她不停地替我和沈庭風夾菜,希望我們儘可能地多吃一點,生怕我們吃完了這一頓飯就要餓肚子。又或者,只是太久沒有人陪著她吃飯了,她只想將這種許久未能嘗到的兒女繞膝的天倫之樂補償給自己。
「夠了夠了,皇太貴妃娘娘。我都快吃不下了。」我看著堆得小山般高的碟子中的各式菜品,不知道自己吃完還能不能走得回去。這實在是太多了。

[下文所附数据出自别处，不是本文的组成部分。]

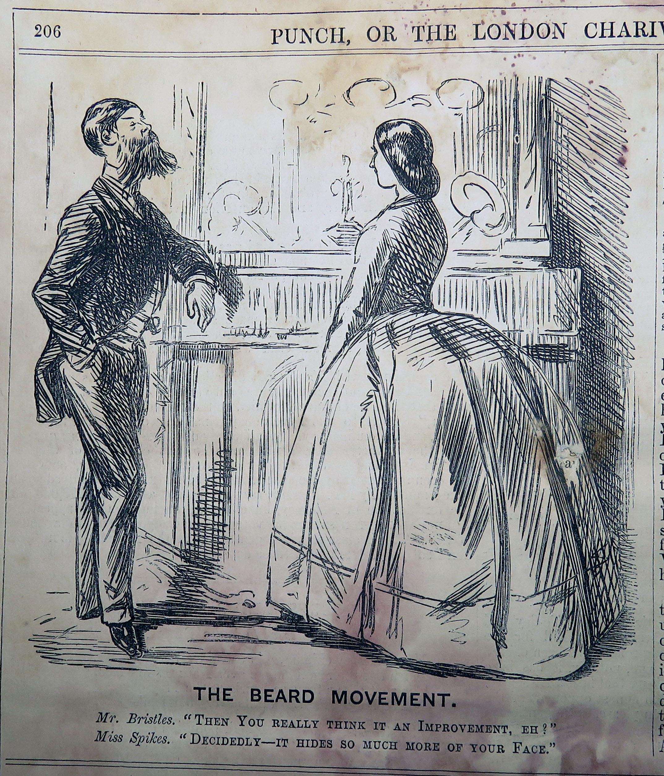 Mr. Bristles. “Then you really think it an improvement, then?” Miss Spikes. “Decidedly– it hides so much more of your face.”

皇太貴妃卻有些固執:「你看看你瘦的,這要如何為陛下延綿子嗣?」
果然還是繞不開這個問題。
我支吾著不知道如何作答,只道是:「皎皎向來福薄,這一切聽憑上天安排吧。」
「這盡人事,聽天命。盡人事在先,聽天命在後。自己不先準備好,努努力,便是天命也幫不了,」皇太貴妃又往我盤子中放了一隻蝦,「想要長久地在這後宮中安身立命,子嗣是萬萬不能少的。況且拋開這個不談,便是你母親,難道就不想含飴弄孫,享受這天倫之樂?」
皇太貴妃這一番話說得我啞然,好在還有沈庭風替我打圓場:「母親,這兒孫自有兒孫福。陛下疼愛皎皎,孩子嘛,不還是早晚的事?」
沈庭風話一出,皇太貴妃立即將話頭引到他身上:「你與賢王妃也是成親多年無所出,咱們這樣的人家,子嗣可以不多,但到底不能沒有。若是你二人中誰有什麼隱疾,萬不要諱疾忌醫……」
「母親吃塊雞肉,」沈庭風及時止住了皇太貴妃的話,「這些事就不勞母親費心了,等王妃有喜,孩兒一定讓母親第一個知道。」
皇太貴妃向來知道分寸,不是一個窮追猛打之人。沈庭風話已到此,她及時收了話頭,轉而道:「風兒,這次回來住哪?待多久?」
沈庭風將嘴裡的飯咽下,道:「住在官驛,陛下差我們回來是為父親掃墓,祭奠先人。所以過了寒食節再走。」
「嗯。」皇太貴妃臉上露出失望,眼帘低垂下去,小口咀嚼著一塊冬筍。
多少年了才見這一面,沈庭風住在驛館,想見皇太貴妃需得遞摺子等沈滌塵批,然後登記錄入冊中,再層層下發通過,這才能擬定了時間短暫地見上一面。這其間的繁瑣流程就需得三日。即便天天遞摺子,統共也見不了幾次。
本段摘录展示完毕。